[BioC] edgeR: glmLRT test
James W. MacDonald
jmacdon at uw.edu
Tue Mar 26 14:24:04 CET 2013
Hi KJ,
On 3/26/2013 6:31 AM, KJ Lim wrote:
> Dear Jim and community,
>
> I read the Limma User's Guide and read again the edgeR User's Guide.
>
> I believe the section 3.5 "Comparison both Between and Within
> Subjects" in the edgeR User's Guide is suitable to answer my
> question: Do phenotypes HS & LS have effect on the area (SW is control)?
>
> I constructed the design matrix as:
>
> > Phenotype <- factor(targets$phenotype, levels=c("HS", "LS"))
> > Area <- factor(targets$area, levels=c("SW","TZ"))

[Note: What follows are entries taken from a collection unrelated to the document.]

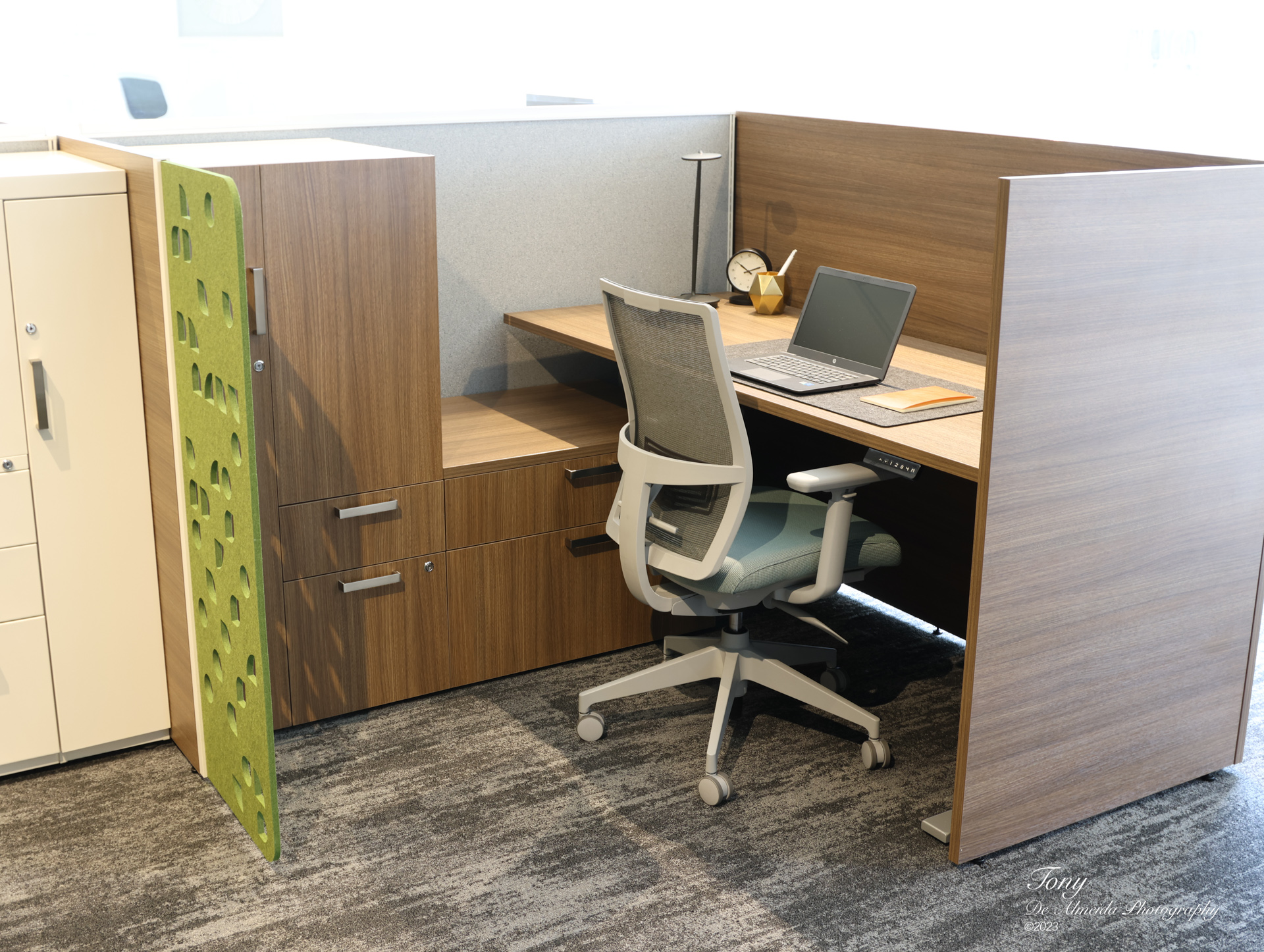 - Revolution in Personal Storage: Traditional workstations once relied on basic storage solutions: file cabinets beneath the desk and perhaps a flip-door bin above. Now, personal storage options have expanded, with mobile box/file pedestals, multi-drawer configurations, and the increasingly popular storage towers with wardrobes. Storage solutions used to be mostly metal, but laminate storage units are growing in popularity. Woodgrain laminate adds a natural wood look, and when paired with a gallery panel, it creates a truly beautiful and cohesive design. I’m a big fan of the storage tower with a wardrobe—it’s a more efficient use of space, often eliminating the need for overhead bins and tall panels. This allows for medium-height panels (around 50 inches), which bring in more natural light and outdoor views, compared to the taller 62-inch panels that can create uneven sight lines.
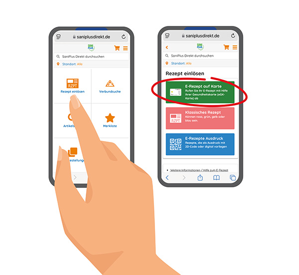 Mit der App „Apotheken direkt“ können Sie in jeder SaniPlus Apotheke Ihr Rezept bequem online einlösen.
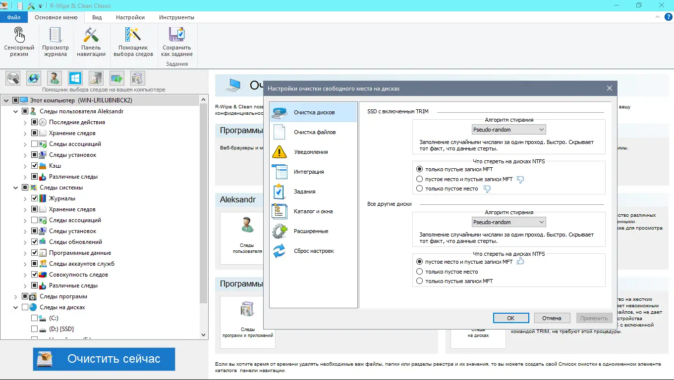 Использование R-Wipe & Clean не требует специальных знаний. После запуска приложение отображает список доступных для очистки категорий: временные файлы, журналы, данные браузеров, записи реестра и другие. Пользователь может выбрать нужные элементы вручную или применить предустановленный профиль. Для автоматизации процесса предусмотрена функция создания задач, которые запускаются при входе в систему, завершении работы браузера или по расписанию. Также доступно удаление файлов напрямую из проводника Windows с помощью контекстного меню, что упрощает повседневное использование. Дополнительно можно настроить горячие клавиши, скрытый режим работы и парольную защиту доступа к программе.

> > Tree <- gl(2,2, length=8)
>
> > design <- model.matrix(~Phenotype+Phenotype:Tree+Phenotype:Area)
>
> > colnames(design)
> [1] "(Intercept)" "PhenotypeLS" "PhenotypeHS:Tree2"
> [4] "PhenotypeLS:Tree2" "PhenotypeHS:AreaTZ" "PhenotypeLS:AreaTZ"
>
> Then carried out the Likelihood Ratio Test (LRT):
>
> >lrtHvsL <- glmLRT(fit, contrast=c(0,0,0,0,1,-1))
>
> > summary(decideTestsDGE(lrtHvsL))
> [,1]
> -1 1
> 0 27849
> 1 0
>
> Based on the LRT result, can I concluded that phenotypes HS & LS have
> NO effect on the area? If this is not the way, kindly please advice.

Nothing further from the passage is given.